+++ Data under study +++

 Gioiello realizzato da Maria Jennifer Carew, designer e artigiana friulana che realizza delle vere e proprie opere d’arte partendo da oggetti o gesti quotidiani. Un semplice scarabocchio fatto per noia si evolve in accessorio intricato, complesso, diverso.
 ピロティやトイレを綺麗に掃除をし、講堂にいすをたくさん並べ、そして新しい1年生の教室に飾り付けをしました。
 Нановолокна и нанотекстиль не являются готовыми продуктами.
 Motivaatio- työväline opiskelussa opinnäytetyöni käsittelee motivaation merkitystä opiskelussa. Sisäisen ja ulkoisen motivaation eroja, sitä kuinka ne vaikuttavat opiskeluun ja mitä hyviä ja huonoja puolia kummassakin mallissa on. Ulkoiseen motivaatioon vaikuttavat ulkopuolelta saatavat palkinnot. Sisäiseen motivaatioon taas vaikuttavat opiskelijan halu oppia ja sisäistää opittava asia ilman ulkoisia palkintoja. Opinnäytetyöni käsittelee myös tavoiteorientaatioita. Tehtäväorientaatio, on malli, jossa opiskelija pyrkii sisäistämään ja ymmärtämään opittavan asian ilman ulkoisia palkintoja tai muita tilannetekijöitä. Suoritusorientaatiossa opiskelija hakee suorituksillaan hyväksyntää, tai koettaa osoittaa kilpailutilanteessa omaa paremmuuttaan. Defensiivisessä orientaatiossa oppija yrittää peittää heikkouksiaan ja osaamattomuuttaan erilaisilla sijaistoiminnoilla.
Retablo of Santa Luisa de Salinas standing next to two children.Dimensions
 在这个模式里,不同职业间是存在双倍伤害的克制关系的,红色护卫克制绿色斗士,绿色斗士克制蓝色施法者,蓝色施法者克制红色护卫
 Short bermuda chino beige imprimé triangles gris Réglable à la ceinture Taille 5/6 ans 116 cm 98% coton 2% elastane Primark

+++
+++ Data under study +++

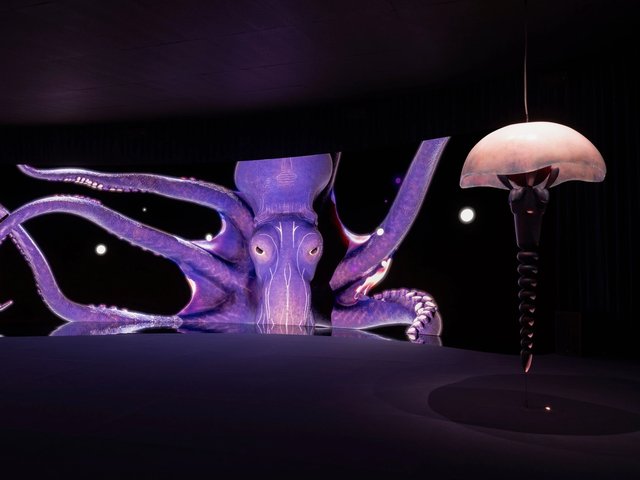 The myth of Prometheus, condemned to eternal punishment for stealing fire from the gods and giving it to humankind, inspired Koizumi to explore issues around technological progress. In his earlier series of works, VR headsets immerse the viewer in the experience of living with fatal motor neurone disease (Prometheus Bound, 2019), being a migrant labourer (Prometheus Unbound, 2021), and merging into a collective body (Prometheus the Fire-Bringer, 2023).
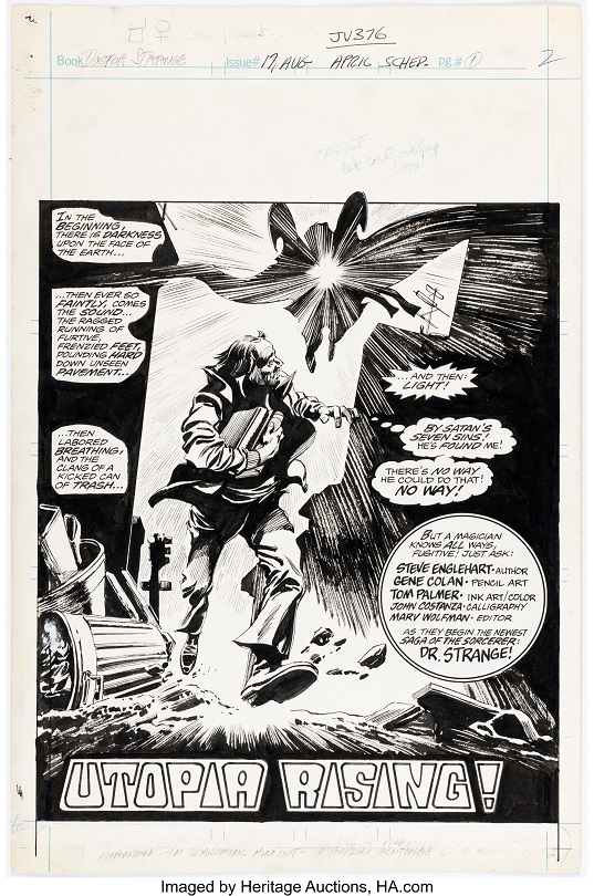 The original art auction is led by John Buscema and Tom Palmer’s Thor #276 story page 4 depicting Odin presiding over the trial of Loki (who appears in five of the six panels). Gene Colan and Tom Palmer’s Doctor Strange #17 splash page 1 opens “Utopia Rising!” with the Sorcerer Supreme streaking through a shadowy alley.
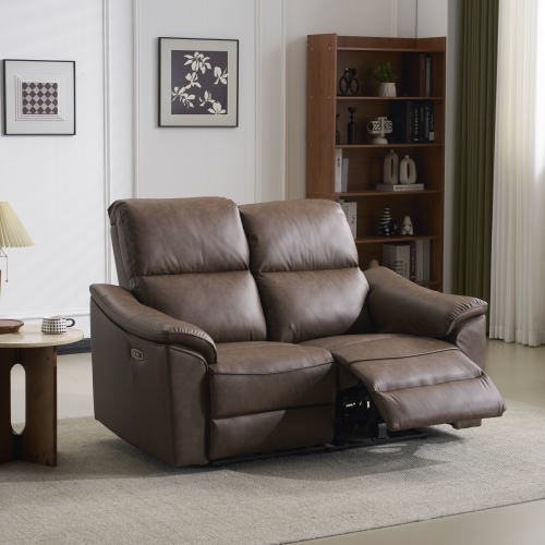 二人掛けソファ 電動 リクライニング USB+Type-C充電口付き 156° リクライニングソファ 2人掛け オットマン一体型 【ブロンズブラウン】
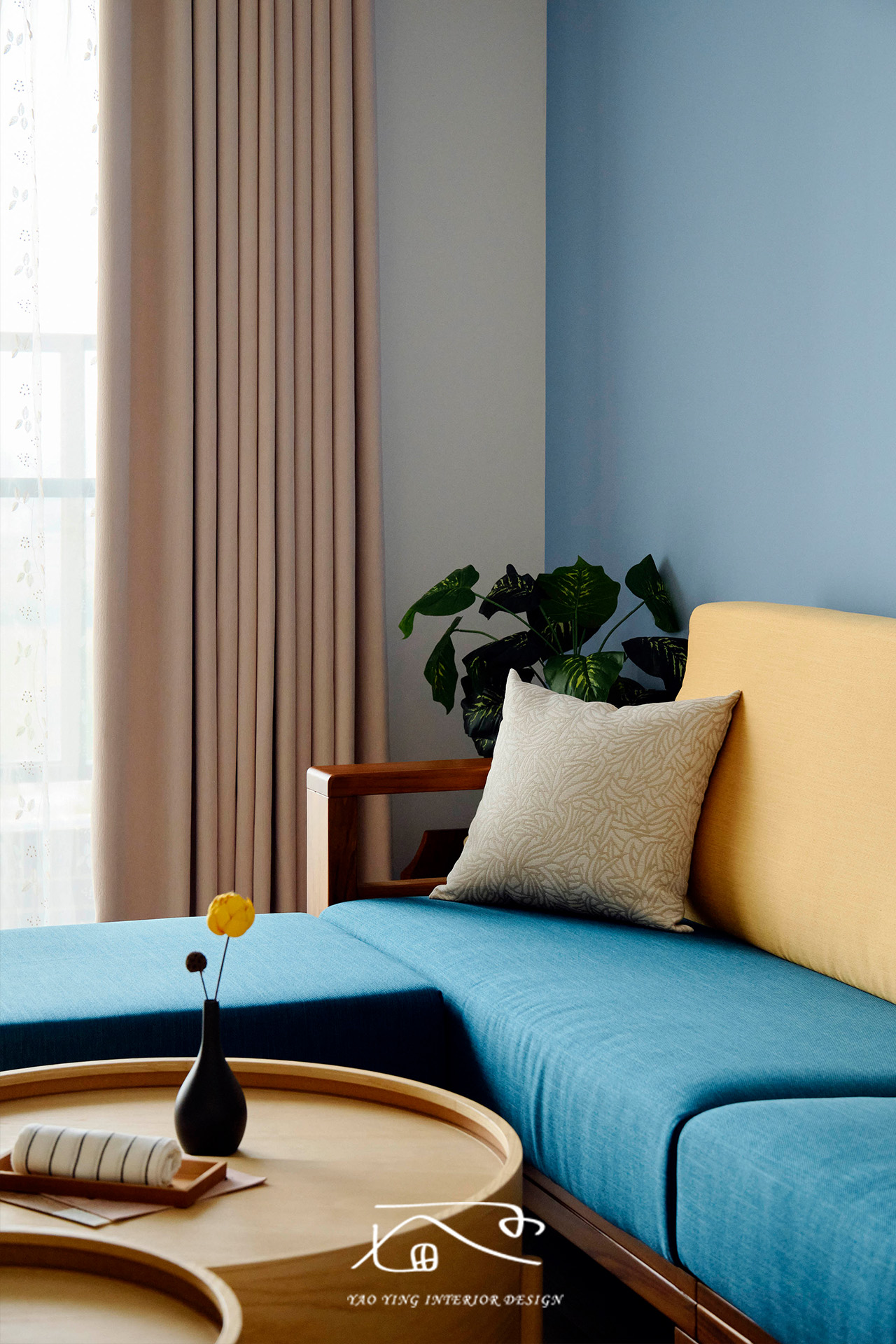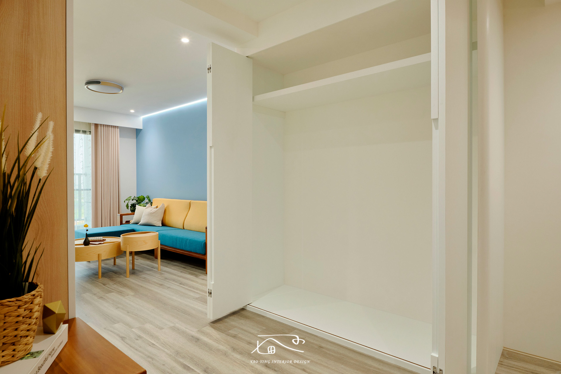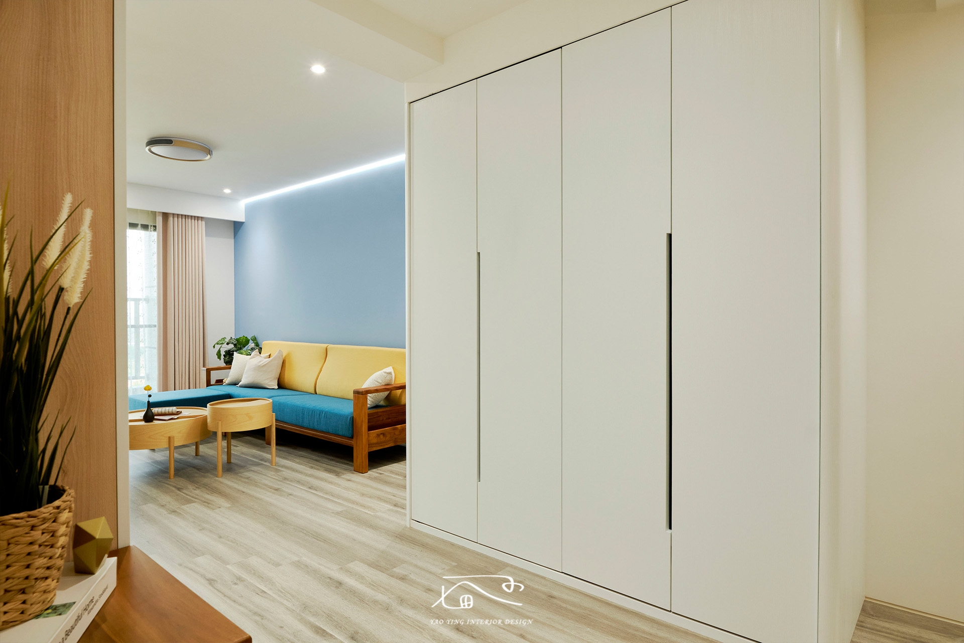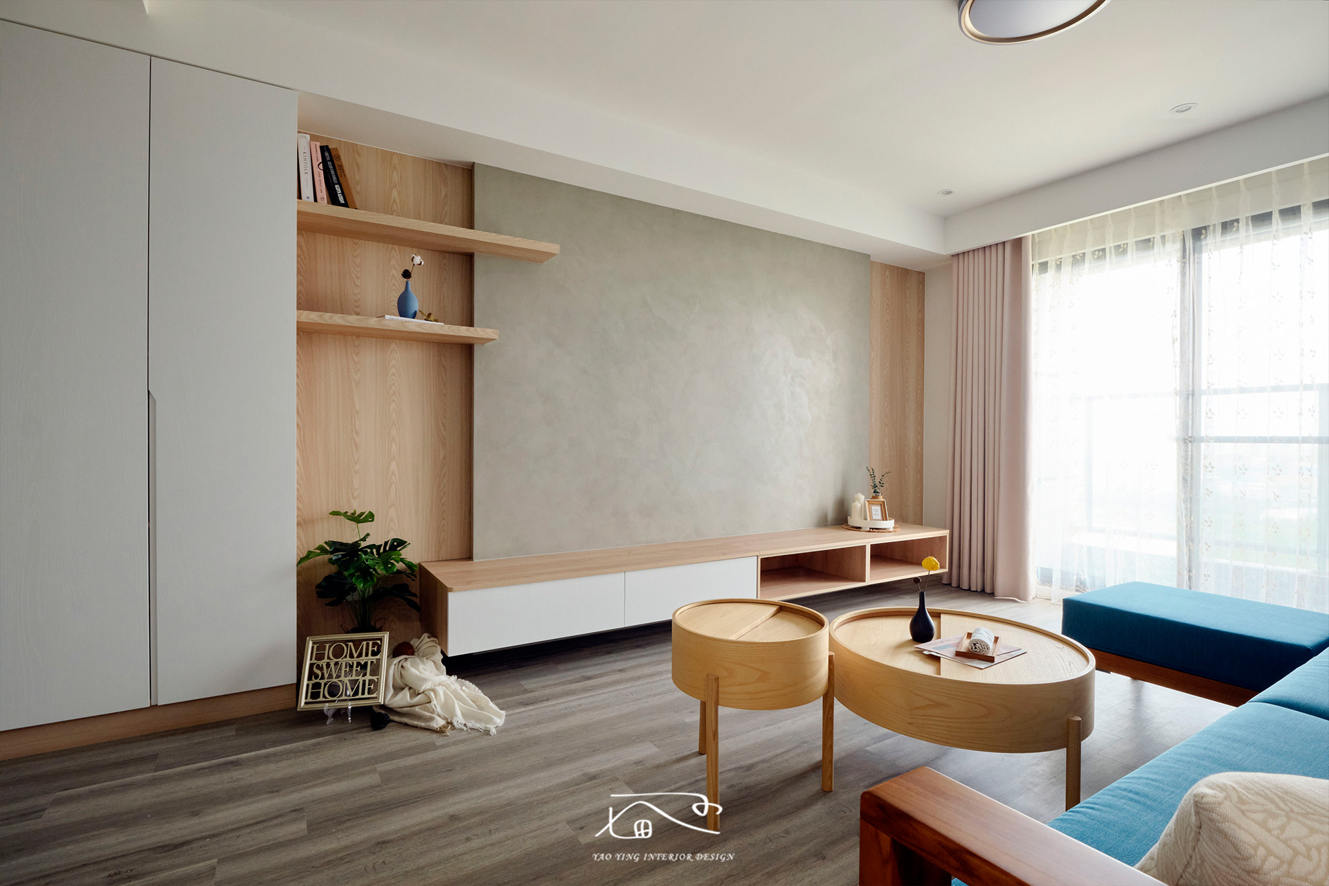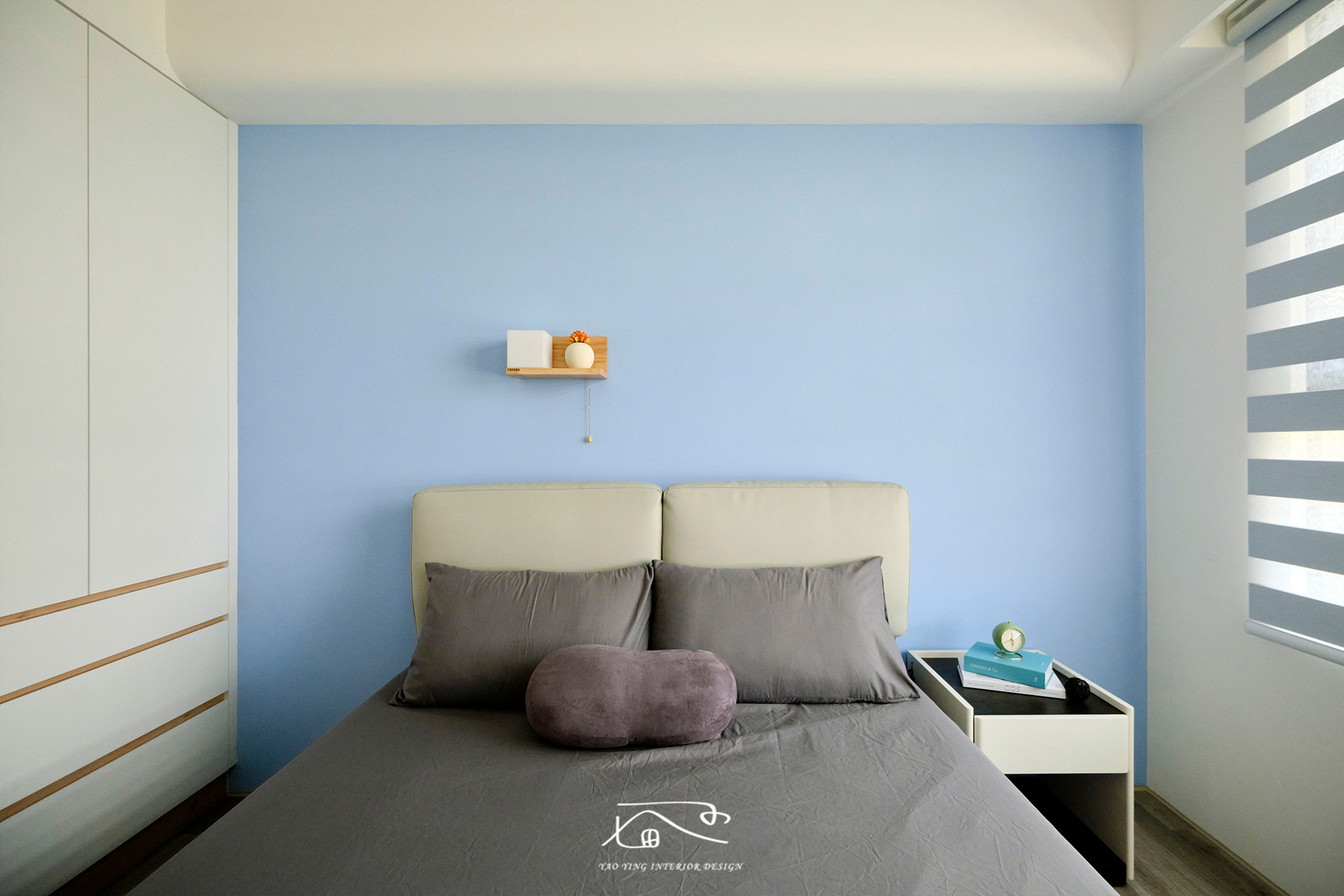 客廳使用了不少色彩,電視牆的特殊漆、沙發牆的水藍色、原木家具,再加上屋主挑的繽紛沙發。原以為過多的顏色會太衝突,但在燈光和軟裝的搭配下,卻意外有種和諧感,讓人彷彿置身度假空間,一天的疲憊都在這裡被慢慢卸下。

+++
+++ Data under study +++

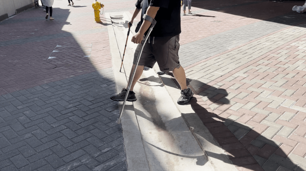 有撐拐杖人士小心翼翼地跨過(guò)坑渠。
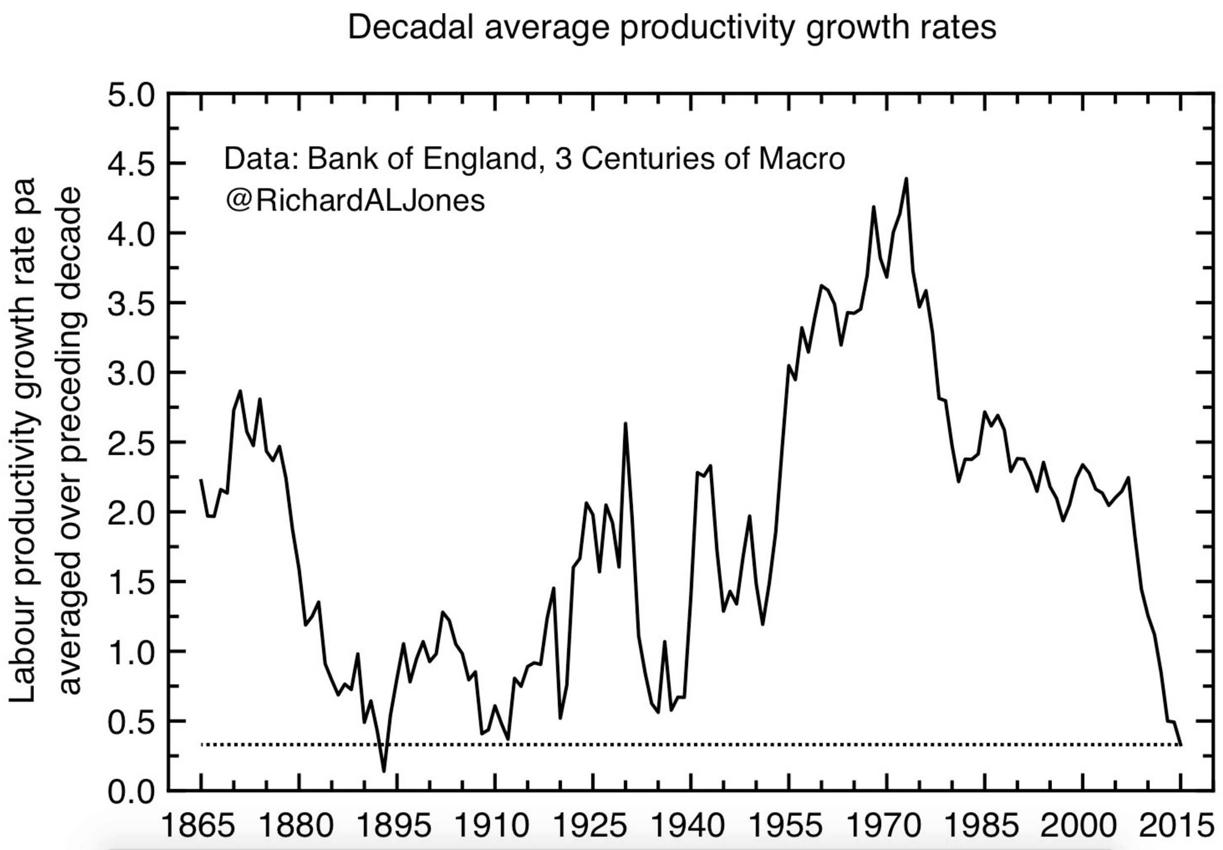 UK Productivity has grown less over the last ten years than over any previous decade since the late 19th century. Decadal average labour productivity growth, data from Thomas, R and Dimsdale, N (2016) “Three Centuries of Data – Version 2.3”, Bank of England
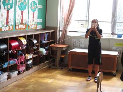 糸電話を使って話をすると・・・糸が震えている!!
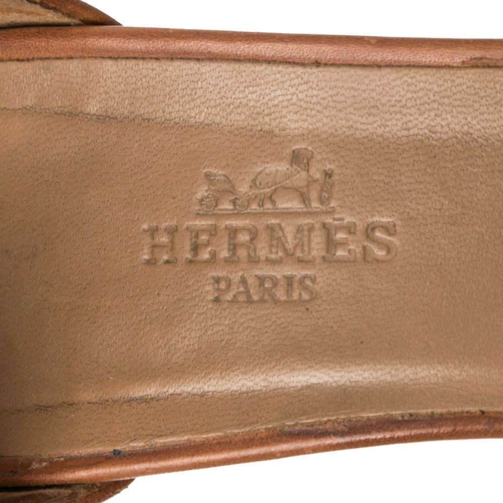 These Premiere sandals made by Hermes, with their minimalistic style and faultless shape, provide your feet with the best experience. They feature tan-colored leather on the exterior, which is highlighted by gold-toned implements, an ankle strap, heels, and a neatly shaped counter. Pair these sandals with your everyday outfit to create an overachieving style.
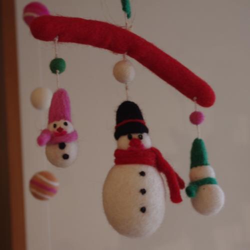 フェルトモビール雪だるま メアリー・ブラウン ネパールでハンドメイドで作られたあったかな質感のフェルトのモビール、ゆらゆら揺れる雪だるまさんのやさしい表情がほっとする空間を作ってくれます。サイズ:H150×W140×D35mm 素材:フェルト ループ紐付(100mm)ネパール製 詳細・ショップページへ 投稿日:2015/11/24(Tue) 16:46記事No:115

+++

### Try it
Working from the data above, extract solely the lines from the one containing "在这个模式里,不同职业间是存" through the one containing "Short bermuda chino", exactly as they appear, both included.

### Answer box
 在这个模式里,不同职业间是存在双倍伤害的克制关系的,红色护卫克制绿色斗士,绿色斗士克制蓝色施法者,蓝色施法者克制红色护卫
 Short bermuda chino beige imprimé triangles gris Réglable à la ceinture Taille 5/6 ans 116 cm 98% coton 2% elastane Primark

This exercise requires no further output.